Euromoney, November 21 2018
“Temper your sense of justice.”
That phrase, you can already feel, is entering the Australian vernacular as a shorthand for the complacency of the big banks.
It came to light in the latest hearings of the Royal Commission into Australian banking conduct, during the testimony of Matt Comyn, the new chief executive of Commonwealth Bank of Australia.
Comyn used his testimony to explain how he had, in his previous job as head of retail, lobbied then chief executive Ian Narev in 2015 and 2016 to stop selling some of the products that would later land the bank in enormous trouble with the regulators and the public.
Comyn said he repeatedly asked Narev to stop selling consumer credit insurance, such as credit card insurance and loan protection insurance.
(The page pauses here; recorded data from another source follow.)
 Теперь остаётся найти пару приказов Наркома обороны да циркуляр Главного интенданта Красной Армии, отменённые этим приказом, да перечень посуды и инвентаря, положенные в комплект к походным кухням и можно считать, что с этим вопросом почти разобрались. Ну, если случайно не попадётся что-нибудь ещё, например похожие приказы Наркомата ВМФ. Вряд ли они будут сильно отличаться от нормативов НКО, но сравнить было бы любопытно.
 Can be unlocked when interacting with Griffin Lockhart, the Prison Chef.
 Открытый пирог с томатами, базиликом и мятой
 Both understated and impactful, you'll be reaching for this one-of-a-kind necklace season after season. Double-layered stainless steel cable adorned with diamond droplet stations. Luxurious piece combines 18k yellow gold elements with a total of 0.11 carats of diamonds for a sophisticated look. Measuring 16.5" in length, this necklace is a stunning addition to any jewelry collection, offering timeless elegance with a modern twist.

Comyn argued that they were not good products and made such a tiny contribution to profitability that they were not worth doing.
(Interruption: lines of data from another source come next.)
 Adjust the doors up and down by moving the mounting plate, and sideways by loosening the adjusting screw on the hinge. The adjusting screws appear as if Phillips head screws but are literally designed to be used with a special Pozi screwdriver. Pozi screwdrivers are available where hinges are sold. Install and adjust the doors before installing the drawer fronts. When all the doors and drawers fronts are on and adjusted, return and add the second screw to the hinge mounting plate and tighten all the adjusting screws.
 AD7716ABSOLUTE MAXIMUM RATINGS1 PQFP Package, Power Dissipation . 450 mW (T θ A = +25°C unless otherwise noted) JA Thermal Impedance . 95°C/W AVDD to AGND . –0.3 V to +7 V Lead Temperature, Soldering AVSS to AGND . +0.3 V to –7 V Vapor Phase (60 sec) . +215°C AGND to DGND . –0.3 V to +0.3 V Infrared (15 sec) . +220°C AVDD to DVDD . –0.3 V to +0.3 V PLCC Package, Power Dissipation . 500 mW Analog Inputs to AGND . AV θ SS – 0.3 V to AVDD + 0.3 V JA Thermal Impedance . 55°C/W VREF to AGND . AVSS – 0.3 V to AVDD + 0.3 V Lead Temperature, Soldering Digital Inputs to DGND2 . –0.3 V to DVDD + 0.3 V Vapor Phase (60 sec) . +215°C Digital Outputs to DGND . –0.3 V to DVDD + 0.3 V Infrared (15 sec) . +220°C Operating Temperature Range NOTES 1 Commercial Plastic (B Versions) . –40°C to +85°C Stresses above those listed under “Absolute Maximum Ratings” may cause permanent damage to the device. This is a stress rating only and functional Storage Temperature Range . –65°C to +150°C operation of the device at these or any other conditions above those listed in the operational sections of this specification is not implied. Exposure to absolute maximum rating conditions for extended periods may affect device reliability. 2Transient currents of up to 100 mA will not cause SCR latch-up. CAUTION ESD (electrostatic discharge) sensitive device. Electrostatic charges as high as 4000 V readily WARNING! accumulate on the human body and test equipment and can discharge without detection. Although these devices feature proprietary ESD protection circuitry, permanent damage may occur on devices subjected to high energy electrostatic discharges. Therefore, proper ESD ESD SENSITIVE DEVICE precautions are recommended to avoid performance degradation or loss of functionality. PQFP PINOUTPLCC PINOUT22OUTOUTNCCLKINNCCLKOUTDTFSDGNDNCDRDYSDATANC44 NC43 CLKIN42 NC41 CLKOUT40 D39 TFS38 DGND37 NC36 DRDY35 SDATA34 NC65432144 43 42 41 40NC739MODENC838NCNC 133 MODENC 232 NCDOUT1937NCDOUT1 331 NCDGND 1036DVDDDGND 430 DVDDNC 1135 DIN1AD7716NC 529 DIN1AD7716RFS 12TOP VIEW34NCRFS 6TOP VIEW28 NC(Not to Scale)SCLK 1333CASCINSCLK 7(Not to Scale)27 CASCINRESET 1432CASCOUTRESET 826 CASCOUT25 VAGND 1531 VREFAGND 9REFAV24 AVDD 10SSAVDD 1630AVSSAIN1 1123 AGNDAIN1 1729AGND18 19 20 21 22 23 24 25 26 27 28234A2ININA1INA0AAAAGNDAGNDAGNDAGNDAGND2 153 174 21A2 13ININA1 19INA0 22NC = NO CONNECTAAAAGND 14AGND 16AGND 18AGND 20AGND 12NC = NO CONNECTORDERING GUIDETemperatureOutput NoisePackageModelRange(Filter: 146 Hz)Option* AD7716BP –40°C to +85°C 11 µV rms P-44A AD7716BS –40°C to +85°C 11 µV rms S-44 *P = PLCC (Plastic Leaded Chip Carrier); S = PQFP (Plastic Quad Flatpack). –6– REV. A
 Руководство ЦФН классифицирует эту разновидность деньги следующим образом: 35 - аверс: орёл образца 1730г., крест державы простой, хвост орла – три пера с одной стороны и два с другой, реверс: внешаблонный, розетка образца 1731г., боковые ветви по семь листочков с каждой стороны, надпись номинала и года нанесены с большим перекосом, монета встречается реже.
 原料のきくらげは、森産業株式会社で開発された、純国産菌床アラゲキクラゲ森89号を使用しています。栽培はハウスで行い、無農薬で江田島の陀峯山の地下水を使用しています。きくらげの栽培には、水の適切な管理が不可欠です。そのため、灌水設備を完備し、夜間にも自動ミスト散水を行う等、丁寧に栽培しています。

The mis-selling of these products – often to people who were ineligible to make a claim in any case – is one of the things that dragged the bank into the mire and ultimately cost Narev his job.
CBA finally announced it would stop selling consumer credit insurance earlier this year, just before Comyn became chief executive.
The key meeting took place on May 28, 2015, and Comyn kept notes, which he presented to the Royal Commission this week. Curiously, the relevant page begins with the words “Gary Kasparov”, apparently a reference to the Russian chess champion having appeared at a CBA dinner.
The notes continue through Comyn’s views about the weakness of the products, before ending with those words: “Temper your sense of justice.”
This is what Comyn says Narev told him to do in the meeting.
Rowena Orr QC asked Comyn how he felt about that remark.
“I suspect I was slightly irritated by it,” Comyn said.
The outcome of all of this testimony is likely to have some significance for CBA, and for Comyn’s role at the helm.
While he has thrown his former chief executive under the bus, he has also made himself look like something of an internal crusader for best practice who was ignored, and therefore the right man to get the place back on course.
It is useful to him to tell the market that he was thwarted in his attempts, but that he tried.
There is a lot more work to do to rebuilding public trust in CBA, and Australian banking generally. But depicting departed leaders as bad guys is not a bad tactic.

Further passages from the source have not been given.